I flew out to the West coast a couple days ago for a meeting. I couldn’t believe it when the guy at United told me it was going to be $175 for a bicycle. I had some old bike vouchers. A couple were expired. I had a couple that had no expiration dates. He told me they were “expired” too. I said I didn’t think so. He say that “they” should of stamped an expiration date on the voucher. I said who he was referring to when he was saying they. I told him that they was United, who was the voucher issuer. I showed him the expired vouchers. They had stamped expiration dates. And the other one didn’t. If it was an error, then it was their error. Long story, I paid the “grandfathered” rate of $100 and he gave me a $100 voucher good on United. Fine.

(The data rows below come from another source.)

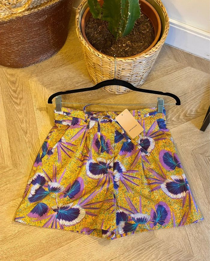 Short imprimé orangé lilas Promod taille 36 Neuf - photo numéro 1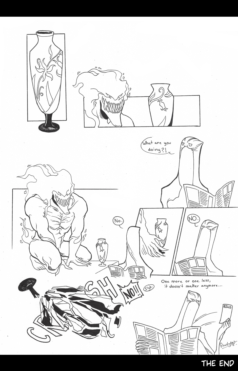 So, I missed three days of Inktober so I made a small comic The prompts were: breakable, expensive and drained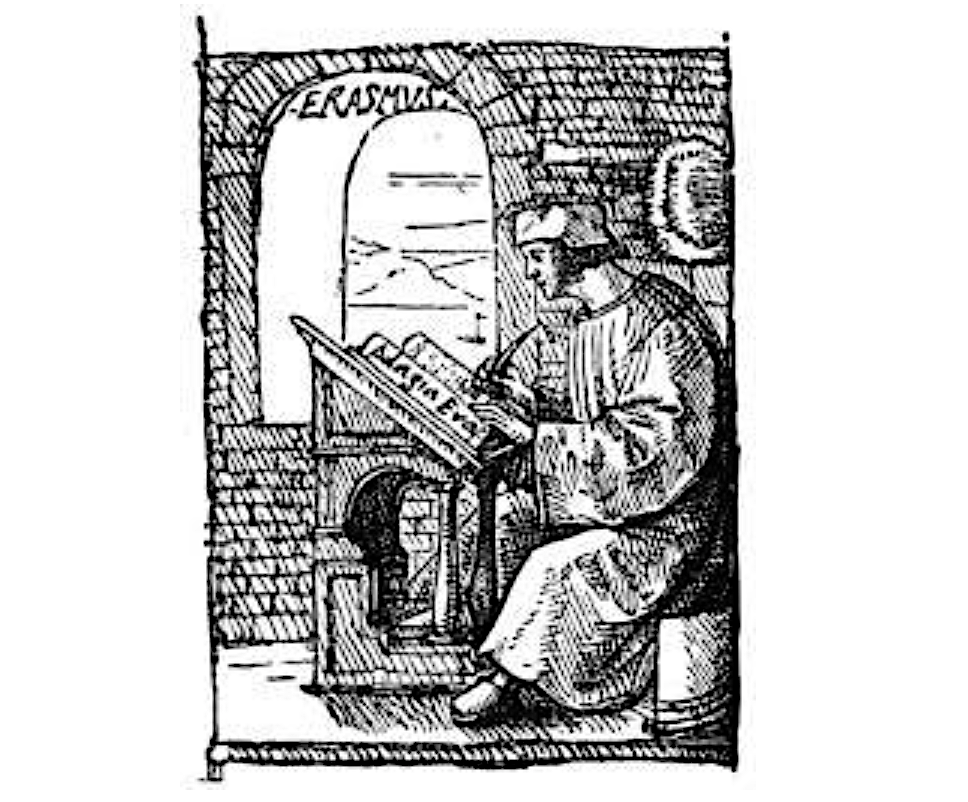 El 1515, Hans Holbein, llavors un jove de dèsset anys que treballava en una impremta de Basilea, va dur a terme un retrat d’Erasme de Rotterdam per a l’edició d’Elogi de la follia. Johannes Froben, el seu patró, li havia encarregat que il·lustrara el llibre. Va seguir un model italià usat sovint -havia servit per a representar sant Agustí o Savonarola, entre altres- que mostra un monjo erudit que està escrivint en un pupitre a la seua cel·la en el moment en què es deté i pensa (Fritz Saxl, La vida de les imatges, 1957). El mateix Erasme, tanmateix, conta a l’inici, en la dedicatòria al seu amic Thomas More, que l’havia concebut viatjant a través dels Alps i no reclòs al seu estudi: “Dies enrere, quan tornava d’Itàlia cap a Anglaterra, per no passar el temps en fantasies grolleres i vulgars mentre muntava a cavall, vaig preferir d’ocupar-me en alguna de les activitats que compartim […] Cercava, doncs, un entreteniment; però l’ocasió no em semblava gaire oportuna per abordar un tema seriós, i vaig posar-me a compondre un elogi de la follia”. Posteriorment, durant un sojorn a casa de More, a Londres, redactaria la versió definitiva en pocs dies.

But, that doesn’t negate the fact that I’ll never, ever fly on United again with a bicycle. It is like they were so much behind the sport and they go 180 degrees in the opposite direction. I don’t know who makes these decisions for the company, but that amount of money, $350 roundtrip, is enough that anyone that is familiar with their charge not ever going to use their airline. The charge needs to be an amount that will not “scare” off their customers. That isn’t the case.
I’m a big Southwest Airline fan right now. It is kind of weird how over the years you have favorite airlines. Originally I had a ton of Continental miles. Then with Specialized I started flying American. Then United. Through all those years, I frowned down upon Southwest. I felt badly for the people that “had” to fly it. Now, I am so depressed when the city I am flying to isn’t served by Southwest. The two main reasons to fly Southwest. 1) You can miss the flight and you have full credit still for any other Southwest flight in the next calender year. You don’t even have to cancel your flight. Whenever I think I might fly somewhere, I just go ahead and buy a ticket on Southwest. I know if I don’t go, I will use the $ later. 2) That the bike charge is $50. That still is a lot. But, cheaper than all other airlines. And half the time they don’t charge anyway.
OK. This all just reconfirms my driving lifestyle. It used to be anything under 600 miles. Now it is creeping up to nearly a 1000. The longer times, costs and humiliating hoops you have to go through to fly to races is making it a no brainer to drive.